### ACTIVITY
Output everything in the data exactly, leaving the pictures out.

### ENTRIES PROVIDED
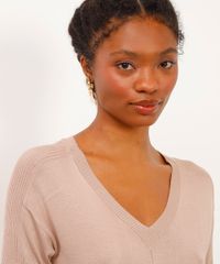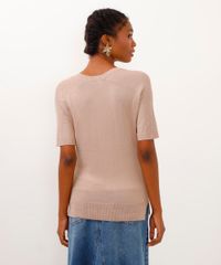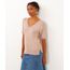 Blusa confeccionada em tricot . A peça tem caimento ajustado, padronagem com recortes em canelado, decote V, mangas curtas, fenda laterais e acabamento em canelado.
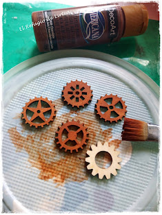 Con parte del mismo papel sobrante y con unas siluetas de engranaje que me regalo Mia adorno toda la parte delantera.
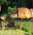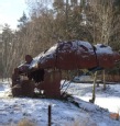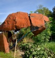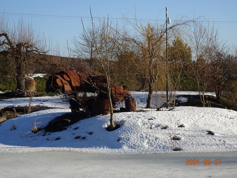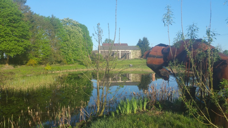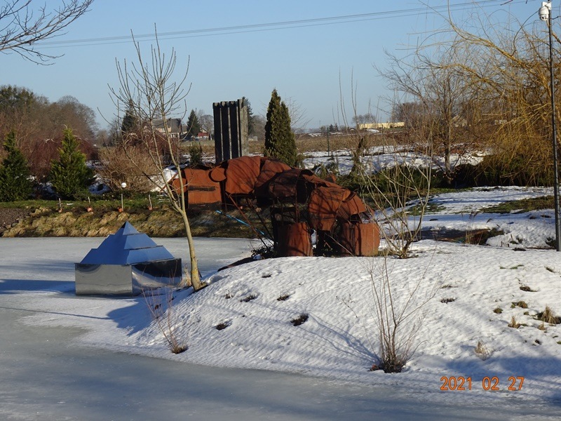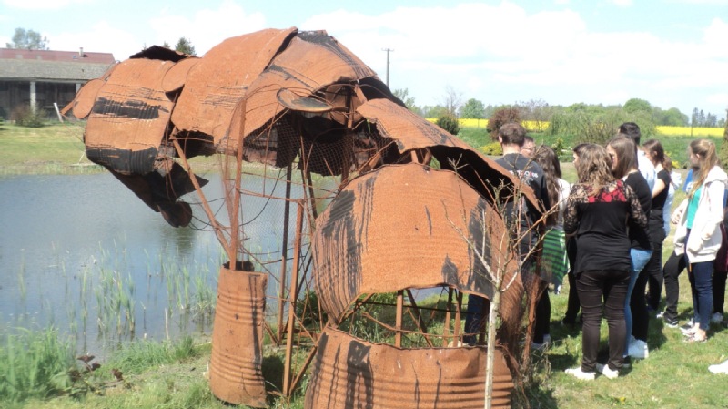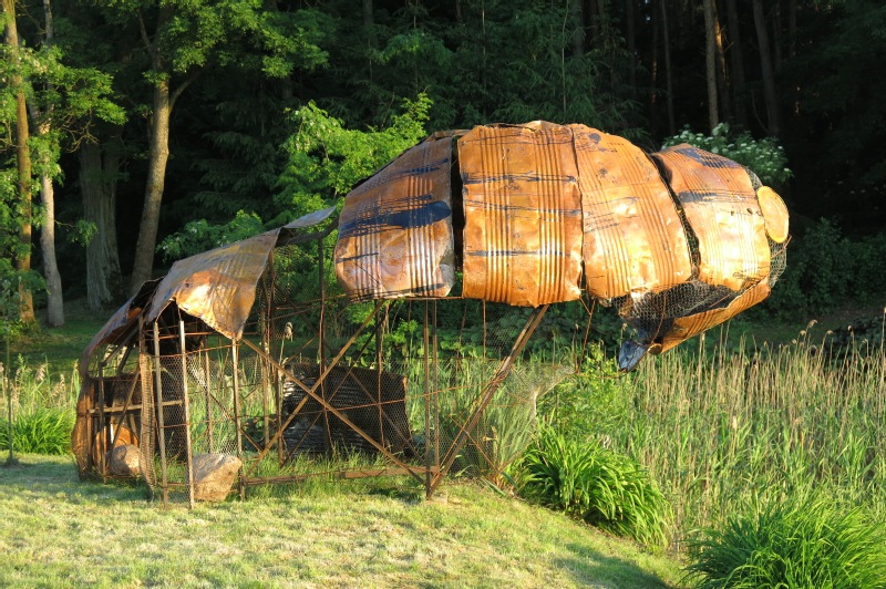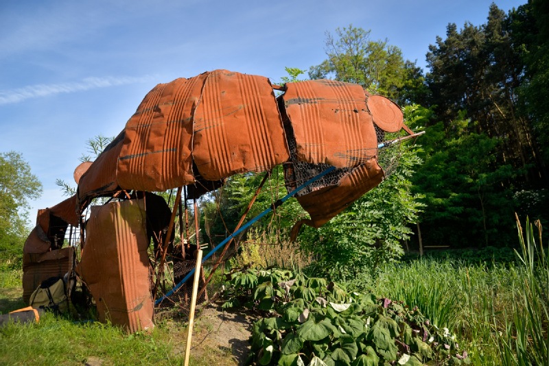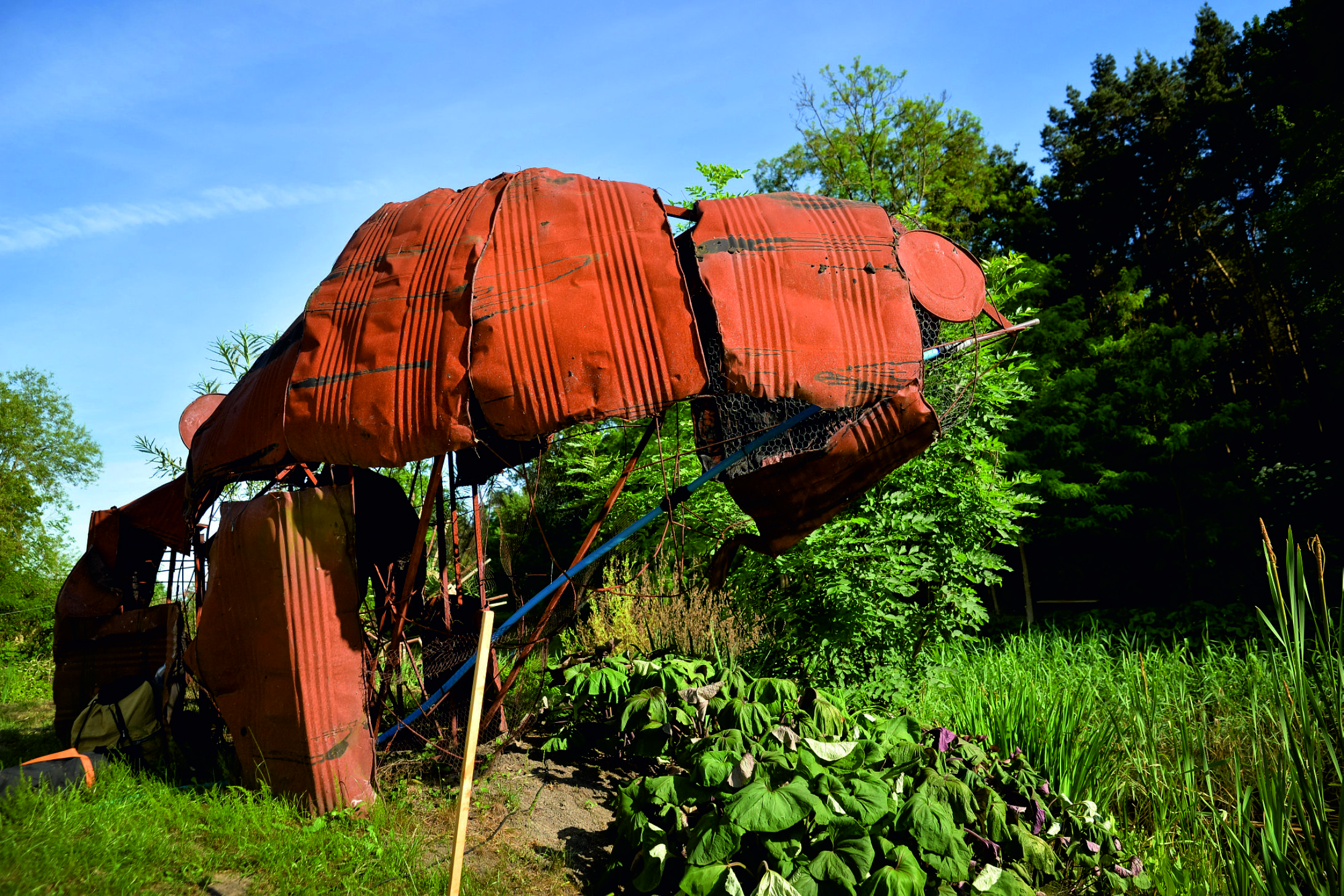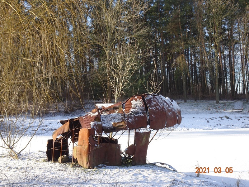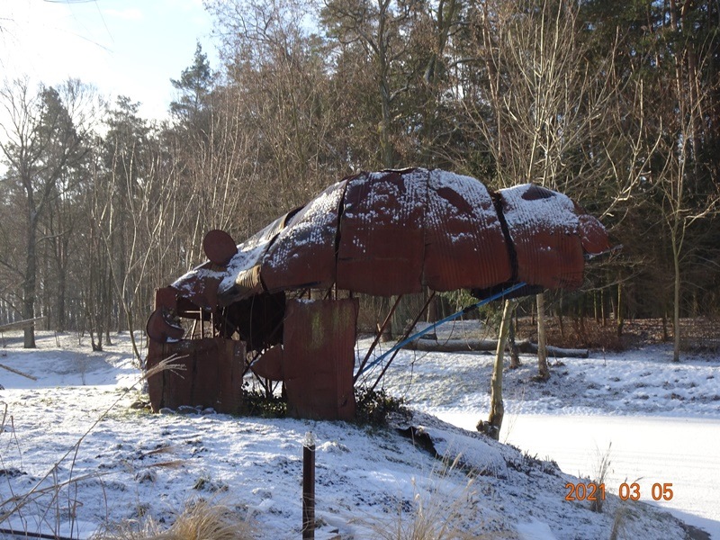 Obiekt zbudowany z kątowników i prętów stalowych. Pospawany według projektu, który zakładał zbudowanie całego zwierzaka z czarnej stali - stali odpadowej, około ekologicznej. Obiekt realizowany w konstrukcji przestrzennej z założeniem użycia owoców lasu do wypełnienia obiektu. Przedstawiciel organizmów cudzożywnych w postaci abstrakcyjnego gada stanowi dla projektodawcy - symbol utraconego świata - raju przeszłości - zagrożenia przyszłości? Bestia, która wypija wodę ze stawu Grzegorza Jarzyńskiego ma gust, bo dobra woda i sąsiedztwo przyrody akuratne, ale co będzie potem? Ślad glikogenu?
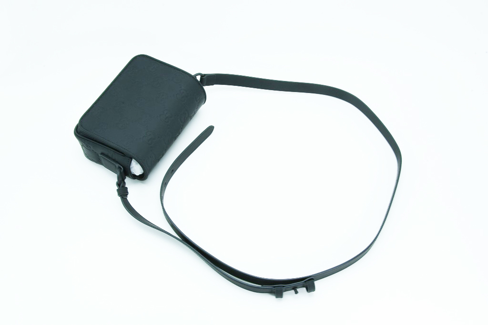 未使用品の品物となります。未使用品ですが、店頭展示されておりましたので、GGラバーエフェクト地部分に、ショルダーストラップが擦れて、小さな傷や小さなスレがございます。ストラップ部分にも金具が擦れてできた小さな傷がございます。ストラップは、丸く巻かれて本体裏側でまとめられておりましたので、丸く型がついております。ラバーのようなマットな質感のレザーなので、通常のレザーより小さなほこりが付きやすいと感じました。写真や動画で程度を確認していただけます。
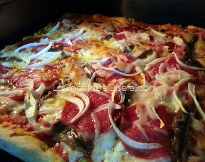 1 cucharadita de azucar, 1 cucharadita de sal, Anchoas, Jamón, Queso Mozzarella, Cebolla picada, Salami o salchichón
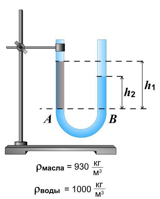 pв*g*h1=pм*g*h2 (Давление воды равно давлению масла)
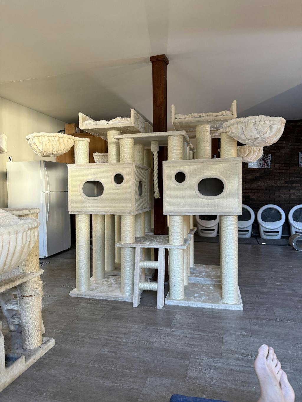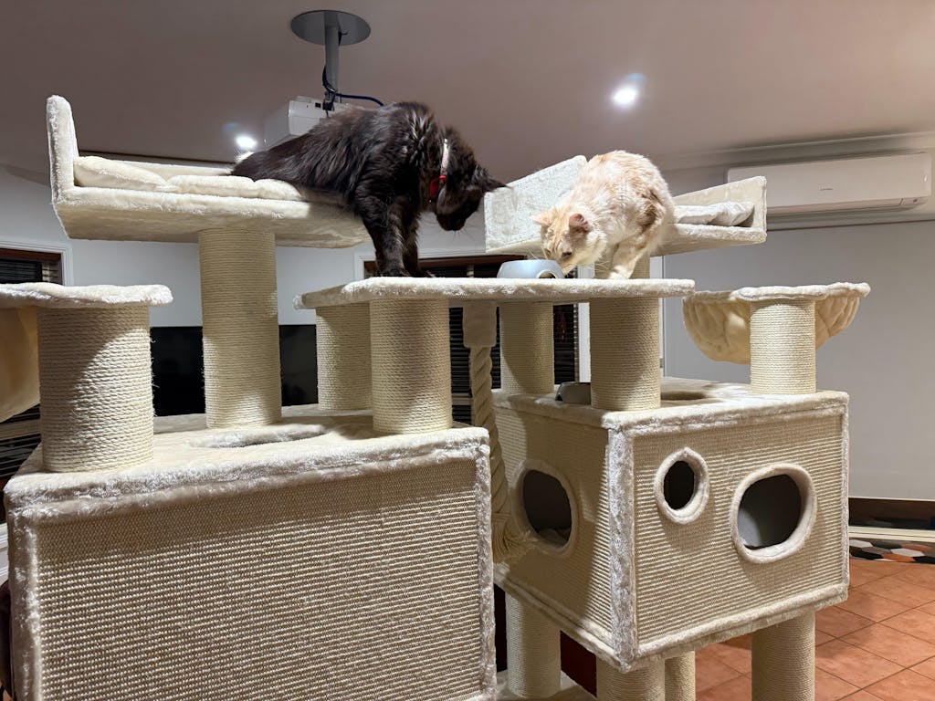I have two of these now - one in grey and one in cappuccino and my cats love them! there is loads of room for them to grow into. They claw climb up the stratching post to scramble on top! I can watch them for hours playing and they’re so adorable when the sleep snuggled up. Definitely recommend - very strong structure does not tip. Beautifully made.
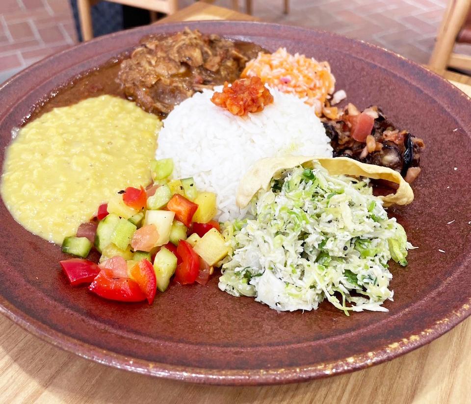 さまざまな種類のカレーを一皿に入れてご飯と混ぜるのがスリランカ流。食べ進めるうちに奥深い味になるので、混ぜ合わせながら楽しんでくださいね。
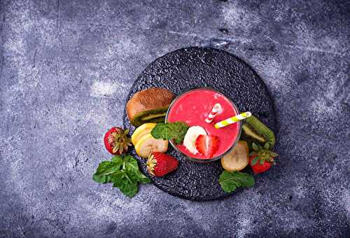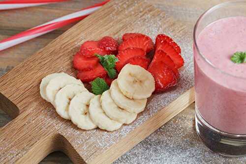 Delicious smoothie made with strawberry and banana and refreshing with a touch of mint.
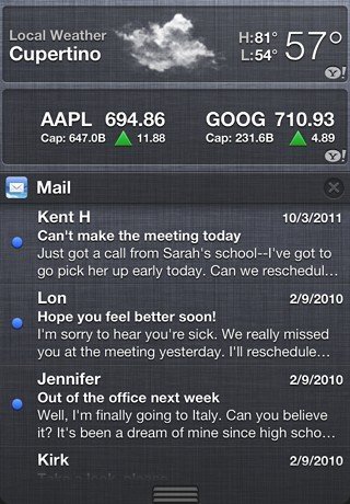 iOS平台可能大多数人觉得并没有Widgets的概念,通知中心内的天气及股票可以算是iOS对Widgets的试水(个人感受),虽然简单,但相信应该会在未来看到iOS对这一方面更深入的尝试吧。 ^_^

### TASK RESULT
 Blusa confeccionada em tricot . A peça tem caimento ajustado, padronagem com recortes em canelado, decote V, mangas curtas, fenda laterais e acabamento em canelado.
 Con parte del mismo papel sobrante y con unas siluetas de engranaje que me regalo Mia adorno toda la parte delantera.
 Obiekt zbudowany z kątowników i prętów stalowych. Pospawany według projektu, który zakładał zbudowanie całego zwierzaka z czarnej stali - stali odpadowej, około ekologicznej. Obiekt realizowany w konstrukcji przestrzennej z założeniem użycia owoców lasu do wypełnienia obiektu. Przedstawiciel organizmów cudzożywnych w postaci abstrakcyjnego gada stanowi dla projektodawcy - symbol utraconego świata - raju przeszłości - zagrożenia przyszłości? Bestia, która wypija wodę ze stawu Grzegorza Jarzyńskiego ma gust, bo dobra woda i sąsiedztwo przyrody akuratne, ale co będzie potem? Ślad glikogenu?
 未使用品の品物となります。未使用品ですが、店頭展示されておりましたので、GGラバーエフェクト地部分に、ショルダーストラップが擦れて、小さな傷や小さなスレがございます。ストラップ部分にも金具が擦れてできた小さな傷がございます。ストラップは、丸く巻かれて本体裏側でまとめられておりましたので、丸く型がついております。ラバーのようなマットな質感のレザーなので、通常のレザーより小さなほこりが付きやすいと感じました。写真や動画で程度を確認していただけます。
 1 cucharadita de azucar, 1 cucharadita de sal, Anchoas, Jamón, Queso Mozzarella, Cebolla picada, Salami o salchichón
 pв*g*h1=pм*g*h2 (Давление воды равно давлению масла)
I have two of these now - one in grey and one in cappuccino and my cats love them! there is loads of room for them to grow into. They claw climb up the stratching post to scramble on top! I can watch them for hours playing and they’re so adorable when the sleep snuggled up. Definitely recommend - very strong structure does not tip. Beautifully made.
 さまざまな種類のカレーを一皿に入れてご飯と混ぜるのがスリランカ流。食べ進めるうちに奥深い味になるので、混ぜ合わせながら楽しんでくださいね。
 Delicious smoothie made with strawberry and banana and refreshing with a touch of mint.
 iOS平台可能大多数人觉得并没有Widgets的概念,通知中心内的天气及股票可以算是iOS对Widgets的试水(个人感受),虽然简单,但相信应该会在未来看到iOS对这一方面更深入的尝试吧。 ^_^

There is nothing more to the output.